Problem statement:
Your answer must be an exact copy of the entries, containing no images.

Record set:

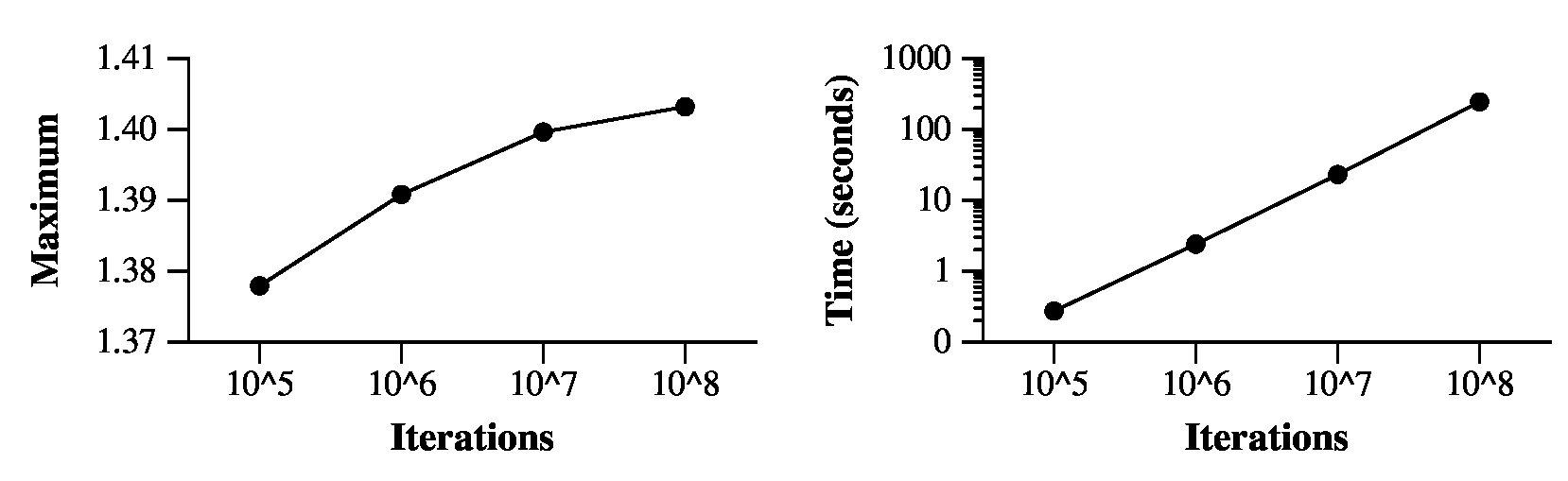 Now we can estimate the maximum point for each of the data sets. The amount of time, and the precision of the search depend on the data set. That tiny 1D dataset takes a blink of an eye, and the 2D data sets don't take long:
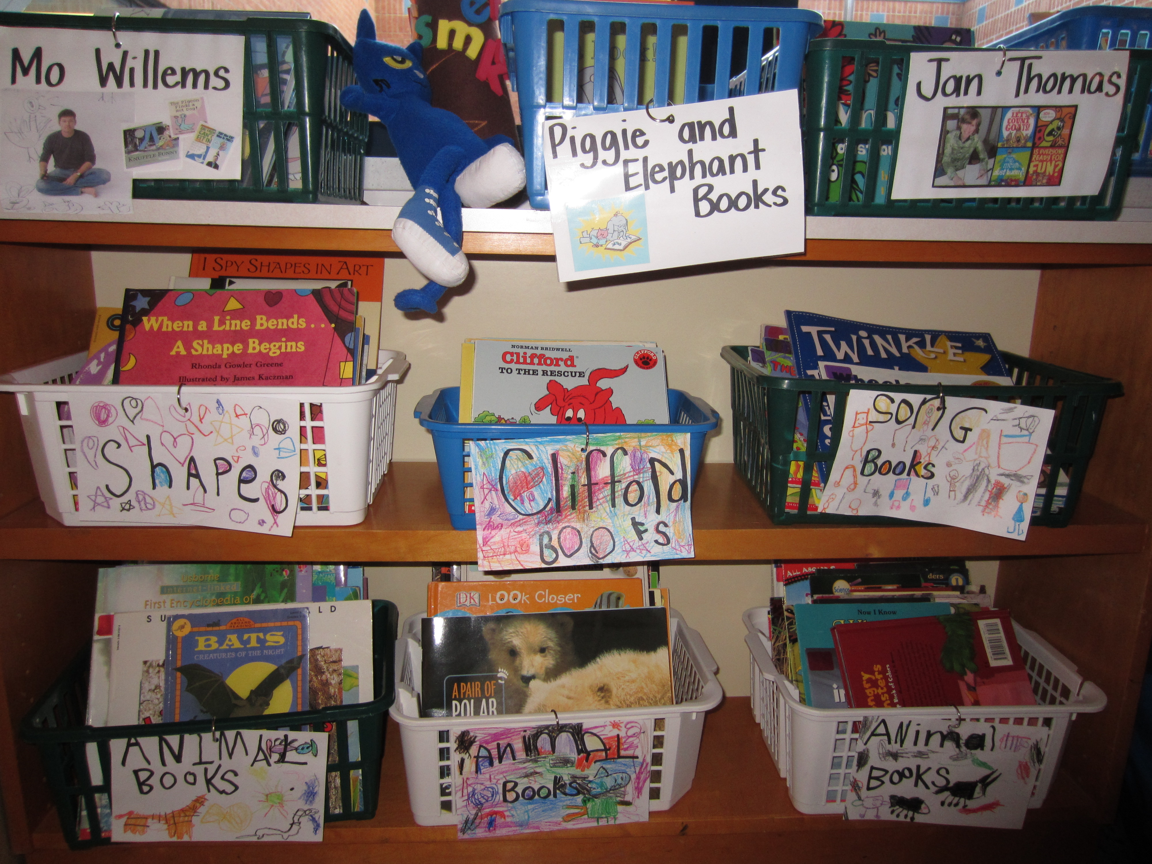 We also have a daily Writer’s Workshop, where children are engaged in independent writing. In our classroom, this is a time when we “make stuff”. Most of the time, this is books.  I model what book making is by reading lots and lots of wonderful books by authors we love. We start on day one, with 5 blank pages of paper stapled to make a book. This format evolves as a variety of book forms are discovered over the year.  During independent writing time the children are working on their own (for the most part – occasionally we have co-authored books with a friend), making books about topics of their choosing.  We read lots and lots of good books to use as our mentor texts, and learn from authors we love about making books. The children work at their own pace – sometimes taking many days to complete a book. I confer with the children as they are writing and they share their books with me and with the class. I take notes for myself as I talk with my writers, but I do not write on their books. If I need to remember what they wrote to take note on whether they are staying on one topic or have an understanding of how a particular genre works, for example, I write it down for me in my notes. I do not write on a child’s book at all. I teach each child differently, based on what they are ready for as a writer. I honor the fact that they are five, and are writing like a five year old. If a child decides to make a book and then I do the writing for him or her (either by writing under his or her writing, transcribing a word or two, or otherwise writing on the book), it is sending a strong message that I am the one who really knows how to write – not the child. It takes away ownership from the book. A child can “read” his or her book just fine – if we let them – and if we change our definition of what “reading” might look like – perhaps the book sounds different every time it is read. That’s fine. The child is the author and they can read it however they like.
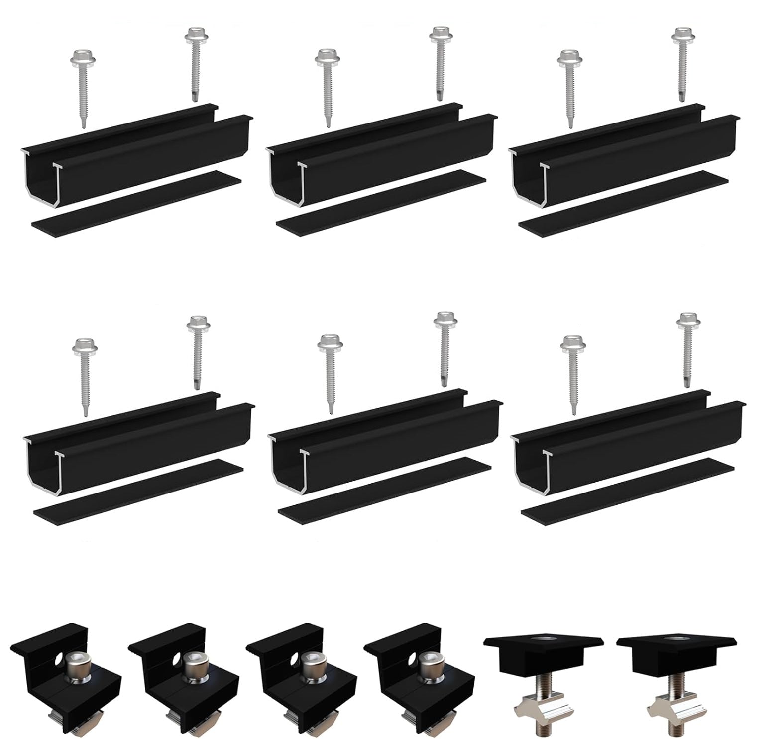Für 3-Solarpanel benötigen Sie 8x Schiene 4x Endklemme 4x Mittelklemme
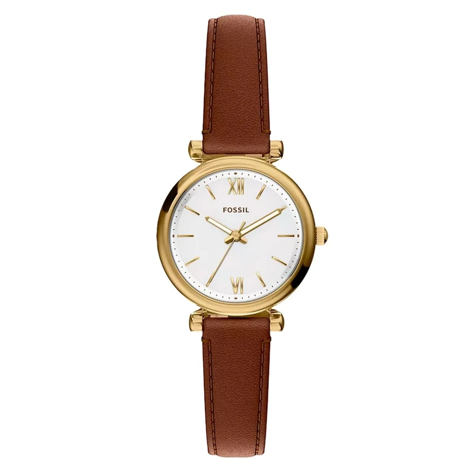 Elegant timekeeping meets everyday style with the Fossil Women's Carlie 28mm Quartz Watch. This refined timepiece features a compact 28mm case paired with a supple leather strap, striking the perfect balance between sophistication and comfort. The quartz movement ensures reliable, accurate timekeeping, while the understated dial design complements any wardrobe. Whether dressing up for special occasions or adding polish to your daily routine, the Carlie delivers classic watchmaking craftsmanship in a size designed for smaller wrists. A timeless accessory that transitions seamlessly from work to weekend.
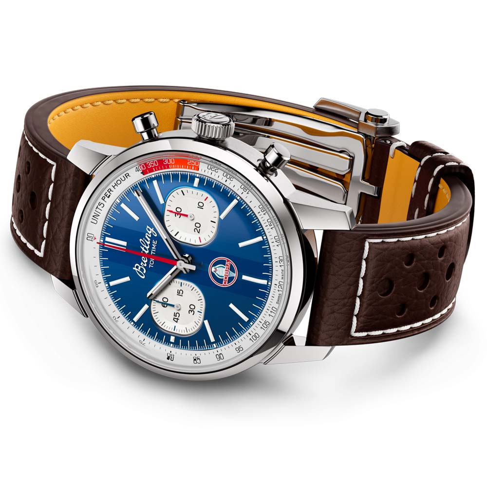 In the '60s. Carrol Shelby created a car blending a small. lightweight British frame and powerful American engine. Upon its debut in '62. the Cobra delighted sports fans and took the racing circuit by storm. Its blistering speed and beloved status amongst collectors continues today. The Top Time B01 Shelby Cobra proudly displays its classic namesake's symbol and colour scheme. plus a perforated leather racing strap. a tachymeter for speed measurement. and unique squircle subdials inspired by vintage dash gauges. It features the esteemed Breitling Manufacture Calibre 01 too.

Problem solution:
 Now we can estimate the maximum point for each of the data sets. The amount of time, and the precision of the search depend on the data set. That tiny 1D dataset takes a blink of an eye, and the 2D data sets don't take long:
 We also have a daily Writer’s Workshop, where children are engaged in independent writing. In our classroom, this is a time when we “make stuff”. Most of the time, this is books.  I model what book making is by reading lots and lots of wonderful books by authors we love. We start on day one, with 5 blank pages of paper stapled to make a book. This format evolves as a variety of book forms are discovered over the year.  During independent writing time the children are working on their own (for the most part – occasionally we have co-authored books with a friend), making books about topics of their choosing.  We read lots and lots of good books to use as our mentor texts, and learn from authors we love about making books. The children work at their own pace – sometimes taking many days to complete a book. I confer with the children as they are writing and they share their books with me and with the class. I take notes for myself as I talk with my writers, but I do not write on their books. If I need to remember what they wrote to take note on whether they are staying on one topic or have an understanding of how a particular genre works, for example, I write it down for me in my notes. I do not write on a child’s book at all. I teach each child differently, based on what they are ready for as a writer. I honor the fact that they are five, and are writing like a five year old. If a child decides to make a book and then I do the writing for him or her (either by writing under his or her writing, transcribing a word or two, or otherwise writing on the book), it is sending a strong message that I am the one who really knows how to write – not the child. It takes away ownership from the book. A child can “read” his or her book just fine – if we let them – and if we change our definition of what “reading” might look like – perhaps the book sounds different every time it is read. That’s fine. The child is the author and they can read it however they like.
Für 3-Solarpanel benötigen Sie 8x Schiene 4x Endklemme 4x Mittelklemme
 Elegant timekeeping meets everyday style with the Fossil Women's Carlie 28mm Quartz Watch. This refined timepiece features a compact 28mm case paired with a supple leather strap, striking the perfect balance between sophistication and comfort. The quartz movement ensures reliable, accurate timekeeping, while the understated dial design complements any wardrobe. Whether dressing up for special occasions or adding polish to your daily routine, the Carlie delivers classic watchmaking craftsmanship in a size designed for smaller wrists. A timeless accessory that transitions seamlessly from work to weekend.
 In the '60s. Carrol Shelby created a car blending a small. lightweight British frame and powerful American engine. Upon its debut in '62. the Cobra delighted sports fans and took the racing circuit by storm. Its blistering speed and beloved status amongst collectors continues today. The Top Time B01 Shelby Cobra proudly displays its classic namesake's symbol and colour scheme. plus a perforated leather racing strap. a tachymeter for speed measurement. and unique squircle subdials inspired by vintage dash gauges. It features the esteemed Breitling Manufacture Calibre 01 too.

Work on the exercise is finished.